My ChIP-seq mapped reads are not evenly distributed in R1 and R2 fastq file

0

Entering edit mode

4 hours ago

Pallondyle • 0

I'm currently working on ChIP-seq analysis. Following the standard ChIP-seq analysis pipeline, I have generated a nice-looking bigWig peak track. However, when I check the sequences corresponding to these peaks, I find that the reads are only present in the R1.fastq file but not in R2.fastq. As far as I understand, sequencing adapters are randomly ligated to both ends of the ChIP fragments, so the sequences should theoretically be represented in both R1 and R2 fastq files. What could be the possible reason for the phenomenon I observed?

ChIP-seq • 112 views

ADD COMMENT • link updated 59 minutes ago by Ian 6.1k • written 4 hours ago by Pallondyle • 0

0

Entering edit mode

My grep results: The forward sequence and reverse sequence:

sgRNA1-chip_R1.fq.gz forward:3 reverse:295263 total:295266
sgRNA1-chip_R2.fq.gz forward:253908 reverse:3 total:253911

ADD REPLY • link 4 hours ago by Pallondyle • 0

0

Entering edit mode

I'm performing ChIP-seq for a variant of SpCas9.

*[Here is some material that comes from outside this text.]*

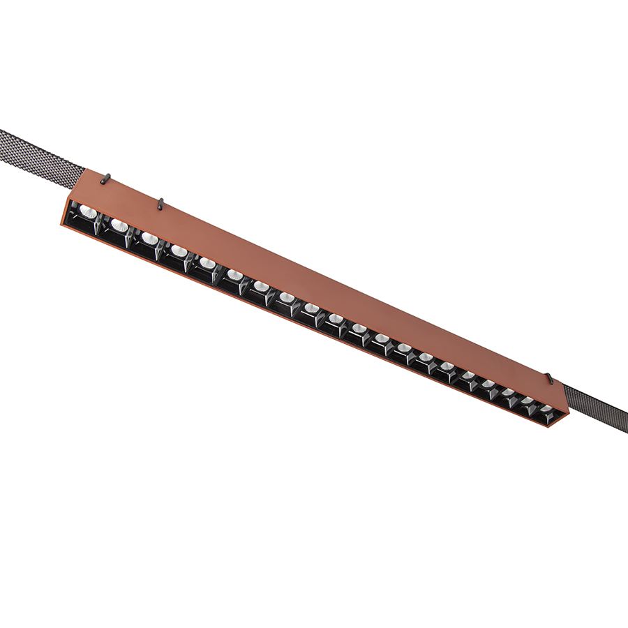 Світильник лінійний 78020-BL02 ORG для текстильної трекової системи Джерело світла: LED Потужність: 20W Робоча напруга: DC 48V Температура світла: 4000К CRI: 80 Розміри: (дшв) 530х33х43мм Матеріал світильника: алюміній Колір світильника: теракотовий Матеріал кріплення - пластик Тип кріплення - текстильна трекова система

ADD REPLY • link 4 hours ago by Pallondyle • 0

0

Entering edit mode

Note that a DNA fragment from ChIP is not the same as the sequencing result. If you have, say a 500bp fragment of DNA, and you sequence it, say 2x150bp, then you get 150bp each side, and you miss the 200bp that are not covered by the reads. And then depending on how large the peak is (width) and where the read is positioned, it could be that only R1 picks it up.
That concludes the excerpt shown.